May 7, 2019 Updated: May 7, 2019

Mexican cartels are thriving in New Mexico county, where the U.S. federal government shut down two local checkpoints which were critical in stopping narcotrafficking and illegal immigration through the border at El Paso, Texas.

Last month, Otero county became the first community to declare a state of emergency, and recently, their county sheriff, David Black, told the New York Post on May 5, that: “It’s a green light for the cartels when border checkpoints are down.”

The Epoch Times reported on this situation on March 28, when all highway Border Patrol checkpoints in New Mexico were shut down in order to re-allocate agents to deal with the influx of migrants coming in from south of the border. These checkpoints, within 100 miles of the border, were supposed to protect against people seeking to illegally enter the country. At the time, sheriff Black warned that these actions would result in his county becoming undefended.

A Border Patrol agent loads detained migrants into a van at the border of the United States and Mexico in El Paso
A Border Patrol agent loads detained migrants into a van at the border of the United States and Mexico in El Paso, Tex., on March 31, 2019. (Justin Sullivan/Getty Images)

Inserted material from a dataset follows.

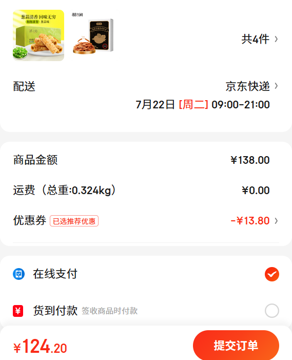 22.31元(叠加全能卡红包后20.31元)浙江、江苏、陕西等地区可做到,苏州低至17.56元

A Border Patrol official had told the Texas Monthly, back in March, “We were told to go ahead and close down all the checkpoints” in order to help handle the surge in large numbers of families and unaccompanied children crossing the border that have been overwhelming border officials. The official’s concerns were clearly voiced:  “It’s really out of control. It’s bad.”

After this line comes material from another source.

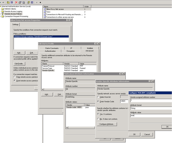 Building on one of my previous posts (look here), I now wanted to integrate a bluecoat ProxySg more tightly into RADIUS. One of the Proxy features is to be able to build policy based on RADIUS groups. The easier method to do this would be to simply use a standard RADIUS attribute such as Filter-ID, and manually map these to groups via CPL policy in the BlueCoat itself. But I never like the easy way 😉

At the time, U.S. Customs and Border Protection Commissioner Kevin K. McAleenan said during a press conference that this increased influx in illegal crossings along the Southwest border was turning into a serious strain on law enforcement resources, and warned that the immigration system has reached a “breaking point,” according to the El Paso Times.

Later in April, it was reported that officials from the city of Las Cruces, New Mexico, which neighbors Otero county, were forced to spend about $75,000 in humanitarian assistance, after nearly 1,600 Central American migrants were released in their community within a 10-day period.

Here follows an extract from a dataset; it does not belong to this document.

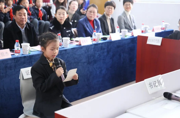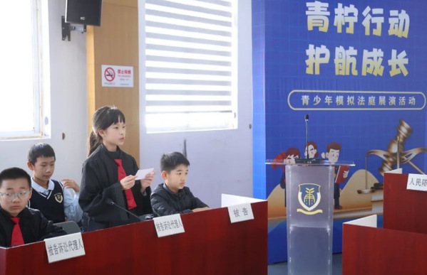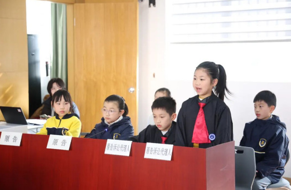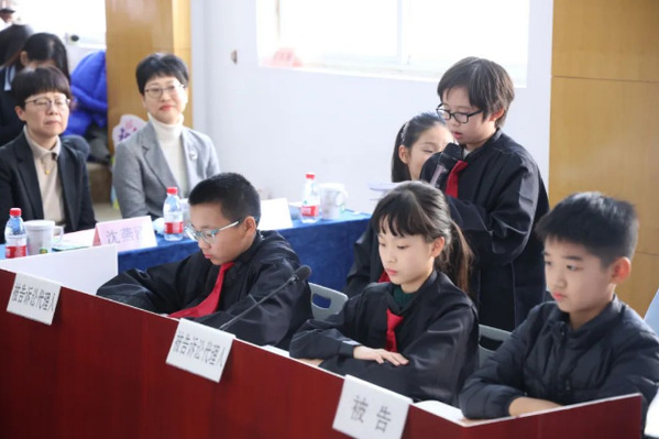 上海师大哲学与法政学院法学社模拟法庭团的研究生来到康健外国语实验小学,带领小学生们学习剧本、理解法条、演绎庭审现场。小学生们扮演法官组、原告组、被告组和证人组,展现了一次生动还原的法庭“审判”现场展演。

The Epoch Times reported on how this situation caused a rift between the state governor and local community officials who passed an emergency declaration with a unanimous vote. These local dynamics at the Southern border have highlighted a significant part of the broader national debate on illegal immigration under the Trump administration.

Migrants from Central America are seen escorted by U.S. Customs and Border Protection officials after crossing the border from Mexico to surrender to the officials in El Paso, Texas, U.S., in this picture taken from Ciudad Juarez
Illegal aliens from Central America are seen escorted by U.S. Customs and Border Protection (CBP) officials after crossing the border from Mexico to surrender to the officials in El Paso, Texas, on Dec. 3, 2018. (Jose Luis Gonzalez/Reuters)

President Trump declared a National Emergency concerning the U.S. Southern Border back in February, following the disputes on border security funding leading to the longest-ever government shutdown from December 2018 to January 2019.

Congress has so far appropriated $1.4 billion for a border wall and under Trump’s emergency declaration, an additional $3.6 billion will be available from military funds in order to build the wall.

Trump called once again on Congress today to fix the nation’s ineffective immigration system, implying that if they do not, he will have to take further action on border security himself.